> **Data provided**
****************************************

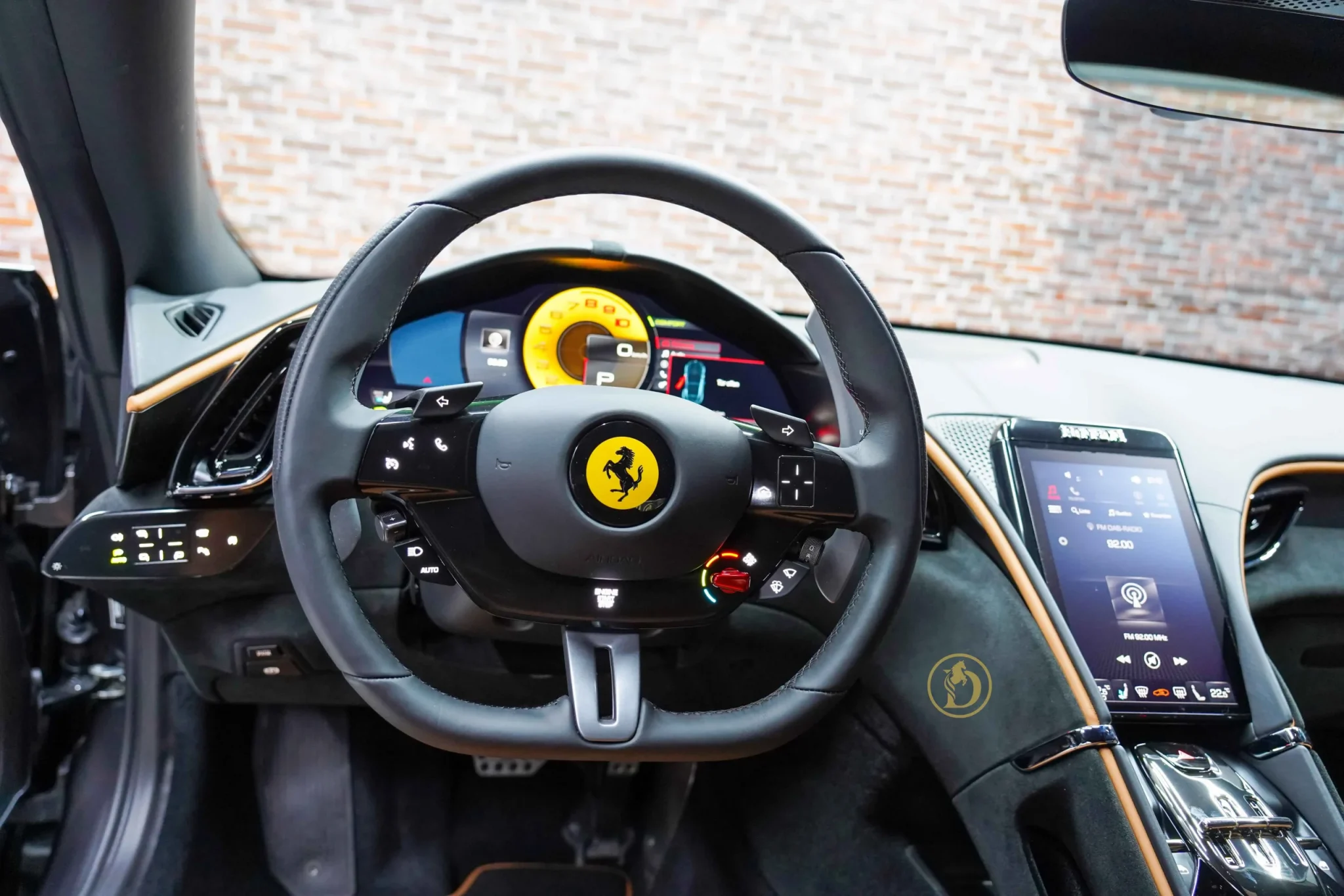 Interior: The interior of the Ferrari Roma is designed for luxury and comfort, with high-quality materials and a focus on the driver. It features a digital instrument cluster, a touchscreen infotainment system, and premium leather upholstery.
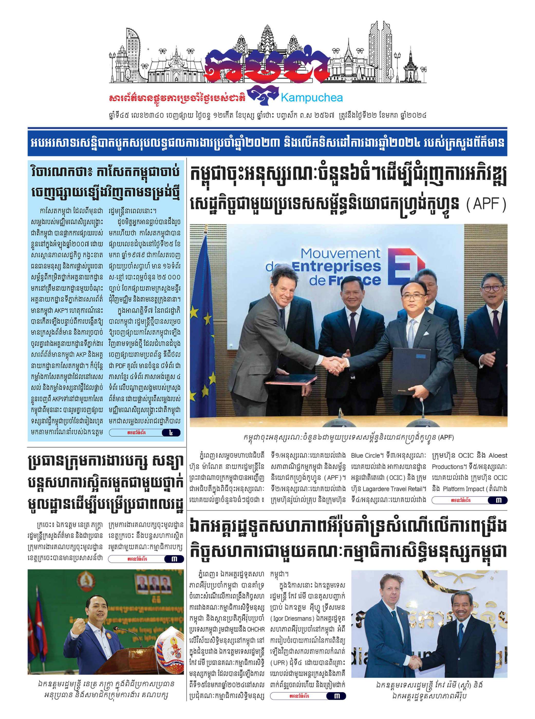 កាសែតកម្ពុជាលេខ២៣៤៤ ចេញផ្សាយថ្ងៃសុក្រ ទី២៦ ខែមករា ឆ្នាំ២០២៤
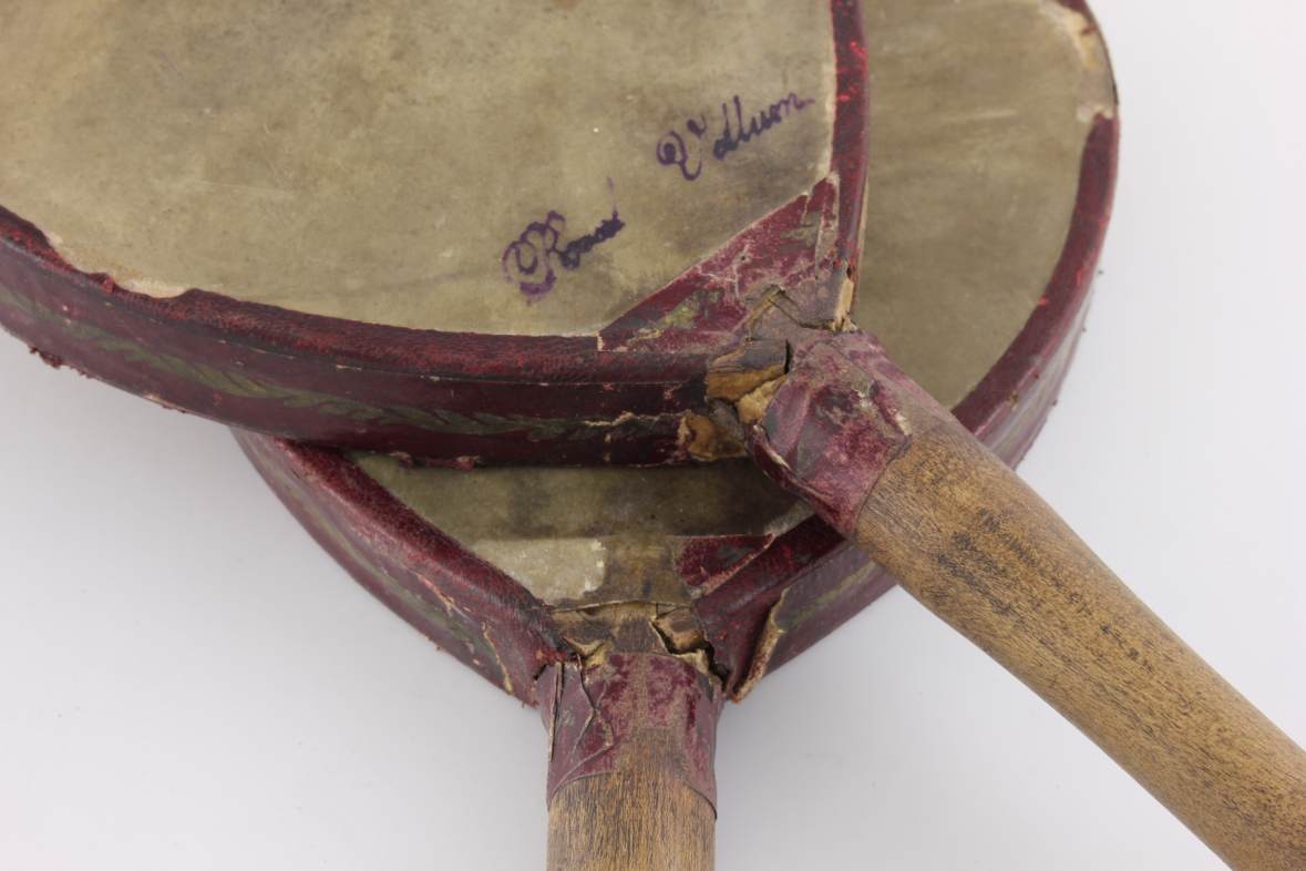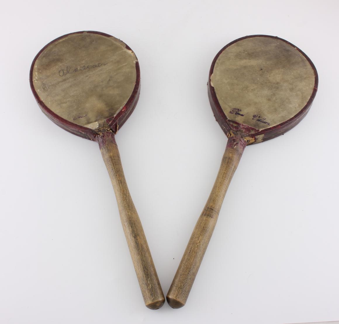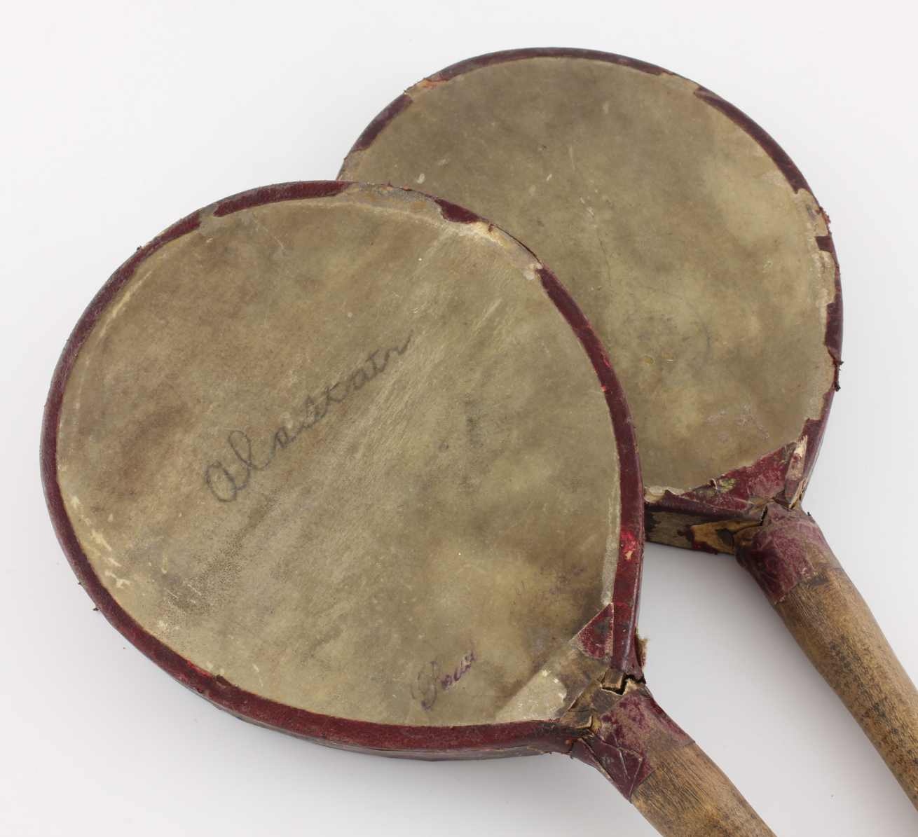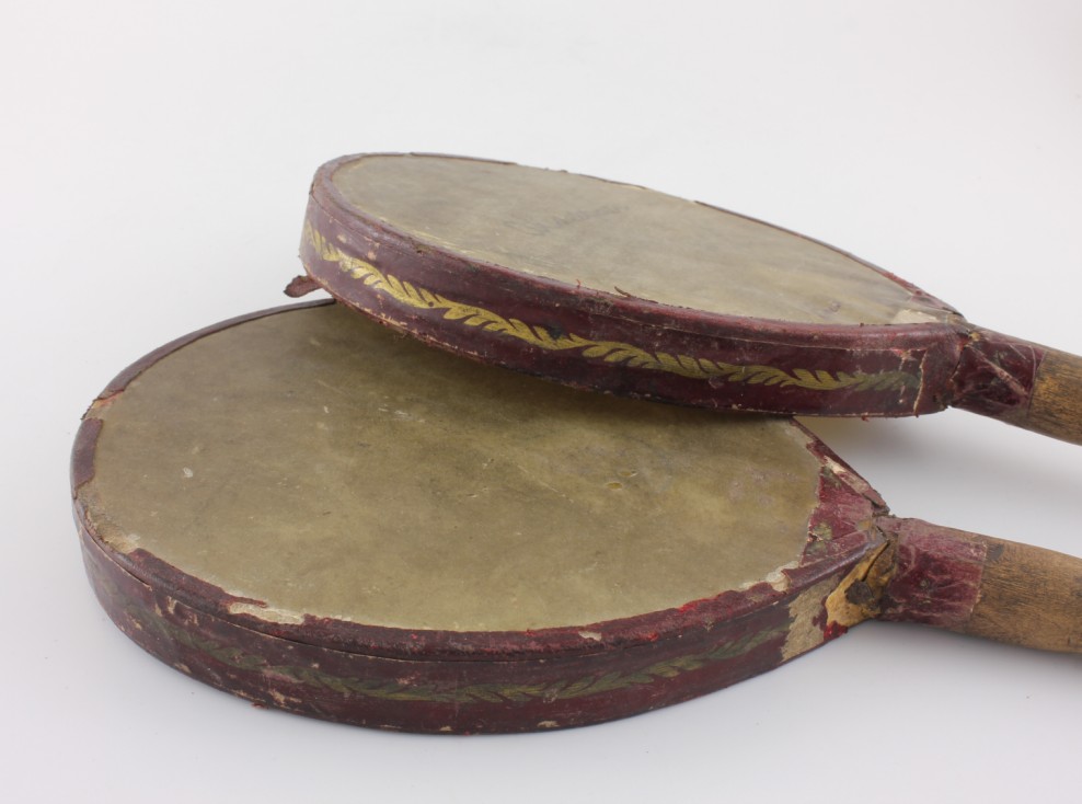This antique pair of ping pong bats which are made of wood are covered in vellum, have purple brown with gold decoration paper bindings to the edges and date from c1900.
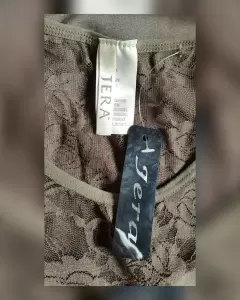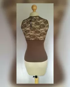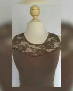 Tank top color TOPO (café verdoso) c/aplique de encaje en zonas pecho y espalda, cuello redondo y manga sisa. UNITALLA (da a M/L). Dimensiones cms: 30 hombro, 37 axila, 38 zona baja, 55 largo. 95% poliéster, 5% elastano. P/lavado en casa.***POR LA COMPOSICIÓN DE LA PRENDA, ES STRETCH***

****************************************

> **Task**
Copy every line above word for word and exclude the pictures.

> **Your solution**
 Interior: The interior of the Ferrari Roma is designed for luxury and comfort, with high-quality materials and a focus on the driver. It features a digital instrument cluster, a touchscreen infotainment system, and premium leather upholstery.
 កាសែតកម្ពុជាលេខ២៣៤៤ ចេញផ្សាយថ្ងៃសុក្រ ទី២៦ ខែមករា ឆ្នាំ២០២៤
This antique pair of ping pong bats which are made of wood are covered in vellum, have purple brown with gold decoration paper bindings to the edges and date from c1900.
 Tank top color TOPO (café verdoso) c/aplique de encaje en zonas pecho y espalda, cuello redondo y manga sisa. UNITALLA (da a M/L). Dimensiones cms: 30 hombro, 37 axila, 38 zona baja, 55 largo. 95% poliéster, 5% elastano. P/lavado en casa.***POR LA COMPOSICIÓN DE LA PRENDA, ES STRETCH***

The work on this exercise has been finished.